The U.S. Constitution, like Arizona's, attaches an important restriction to the taking of private property: It has to be "for public use." Yet cases like Randy Bailey's are becoming more and more common. Eminent domain is becoming a primary tool for promoting urban development. In the case of Mesa, it's the only tool. That's why attorneys throughout the nation are watching this case.

A Tool of First Resort

Lenhart targeted Bailey's property in 1996, when Wayne Balmer, at that point the city's community development manager, sent a memo to Charles Luster, then the city manager, noting that his department had received several inquiries from private companies to develop land near the downtown area. "Unfortunately," he wrote, "all of these sites are outside our Town Center Redevelopment Area" (emphasis in the original).

Not to worry.
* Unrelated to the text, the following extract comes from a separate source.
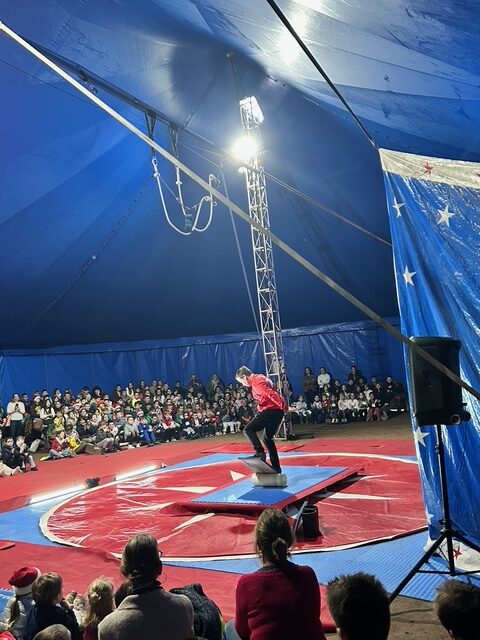 Vendredi 19/12, nous sommes tous allés voir un spectacle intitulé “Esprit Cirk” offert par Vendée Grand Littoral. Ce spectacle a été réalisé par l’école de cirque de La Mothe Achard

Working with other high-level officials, Marek, the redevelopment manager, simply rewrote the rules to accommodate the developers. Once Lenhart decided that Bailey's property was suitable for the expansion of his hardware store, the city redrafted Mesa's redevelopment plan to include the land at Country Club and Main. They designated the property "Site 24" and issued a request for proposals to redevelop the site.
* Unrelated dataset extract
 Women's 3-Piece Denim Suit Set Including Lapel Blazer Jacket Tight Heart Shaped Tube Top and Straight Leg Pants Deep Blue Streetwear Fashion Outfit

Three development companies submitted plans. One was Redstone Development, owned by Lenhart. Another was Palm Court Investment, owned by Mesa Discount. The third was Watt Commercial Properties, a national operation, which proposed a complete redesign of the property, including 50,000 square feet of new retail and office space. The city decided to consolidate the proposals submitted by Palm Court and Redstone and to reject Watt's bid altogether. It then negotiated a development agreement that included the terms for sale of the property to Lenhart and Mesa Discount once it was acquired by the city. It also agreed to acquire Lenhart's old building and land as part of a land swap.

At the request of Palm Court and Redstone Development, the city proceeded to condemn 21 of the site's 26 parcels, including Randy Bailey's business, representing half the assessed value of the land. Lenhart is asking the city to acquire property worth two-thirds of the assessed value of his share of the development project.
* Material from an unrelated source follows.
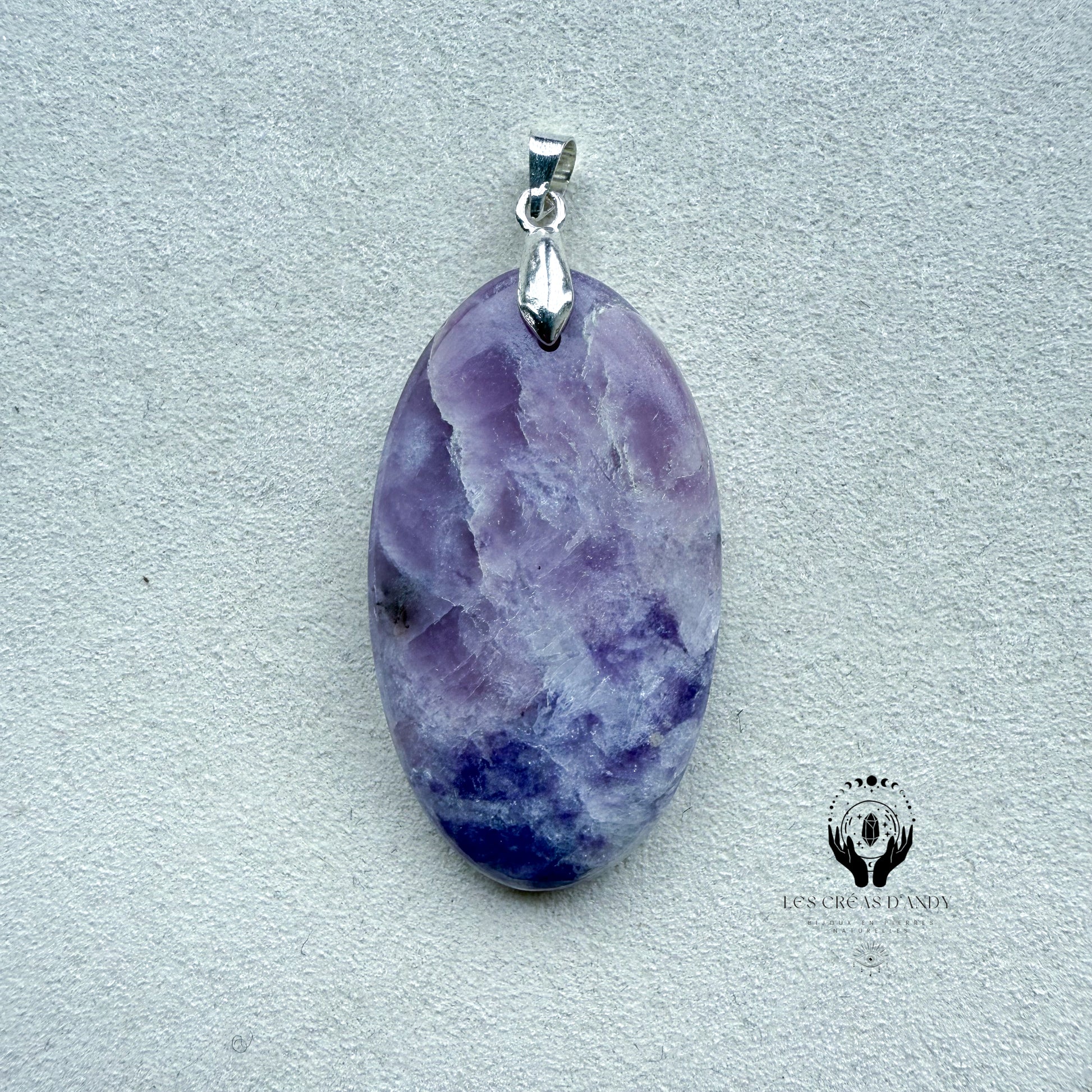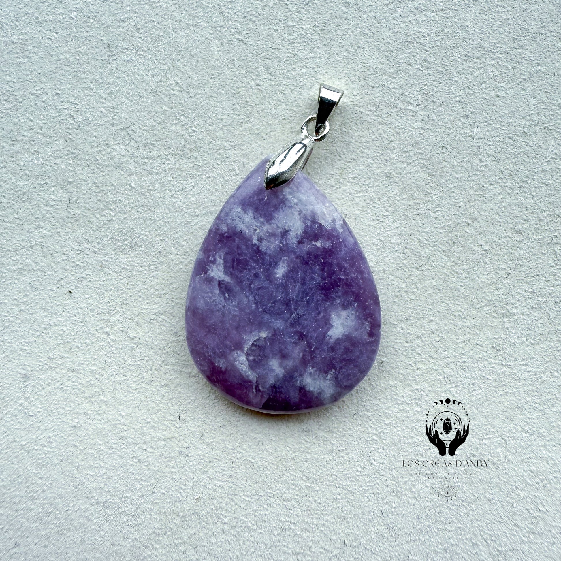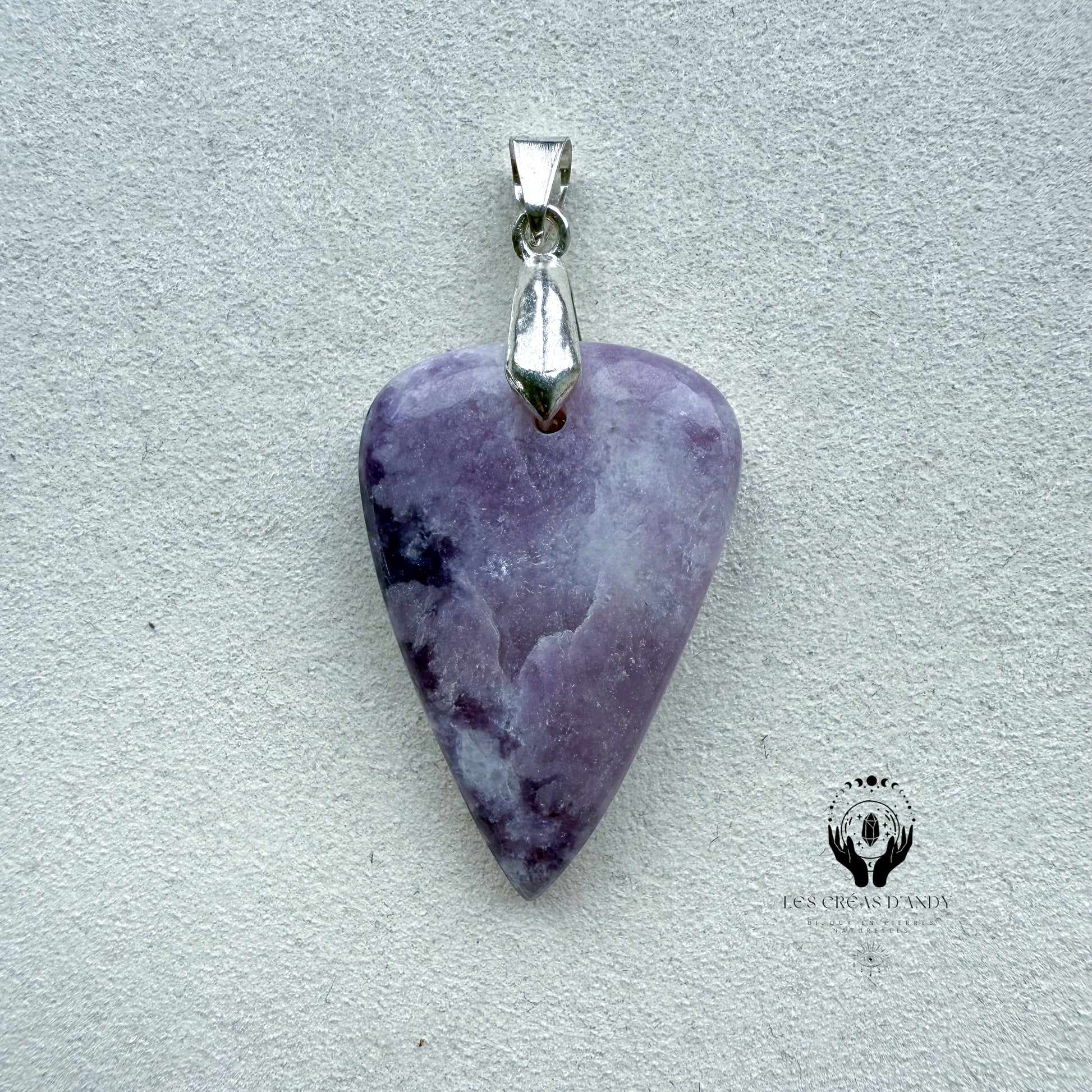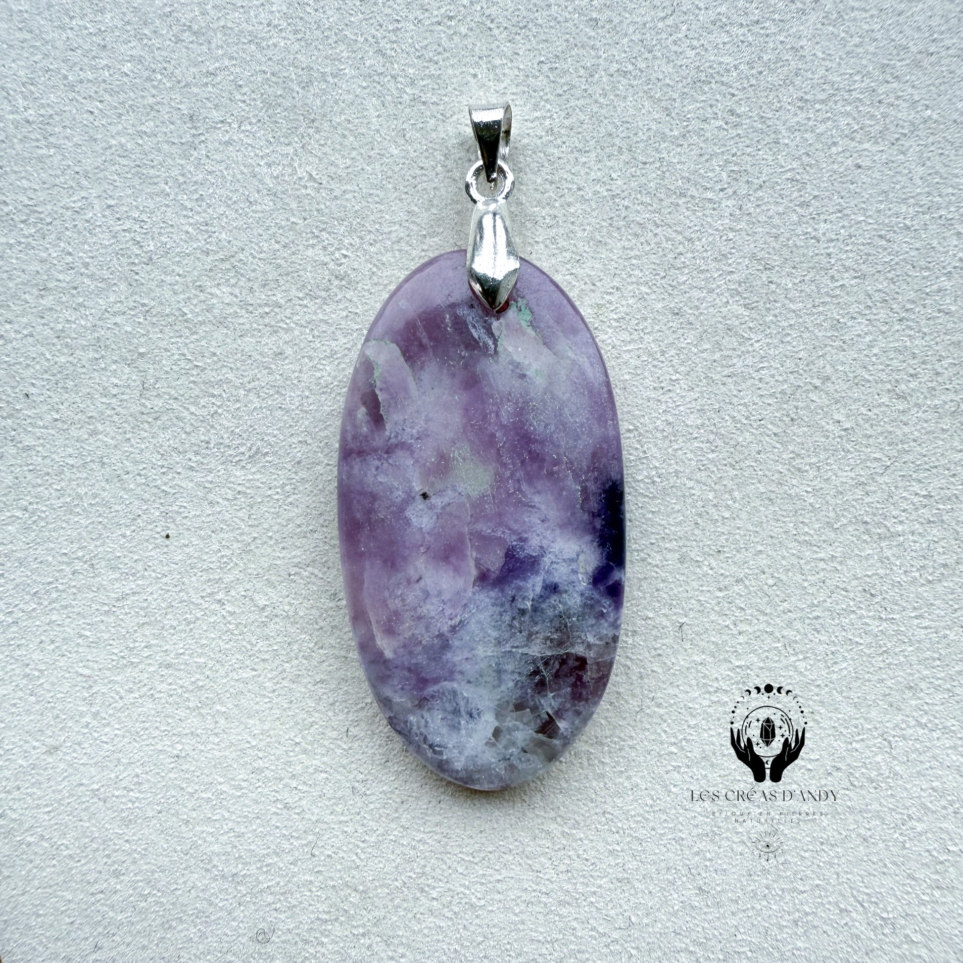 Pendentifs en pierres naturelles Lépidolite et bélière acier inoxydable.

It was a sweet deal for Lenhart. For the hapless property owners living and making their living on Site 24, the taste was decidedly sour. Bailey and his father approached Lenhart to see if the brake service could be incorporated into the development project. No deal: Lenhart dismissed them out of hand, telling them they had to talk to the City of Mesa.

The Baileys had never been approached by Lenhart, the City of Mesa, or any of the other investors about selling their property before or during the process in which the city issued its request for proposals to redevelop the site. To add insult to injury, Lenhart bought a property adjoining Bailey's building and proceeded to board it up. The set of small office spaces has gone unused for years, contributing to the run-down character of the corner. Lenhart, as landlord, was contributing to the blight that the city cited to justify condemning Bailey's property.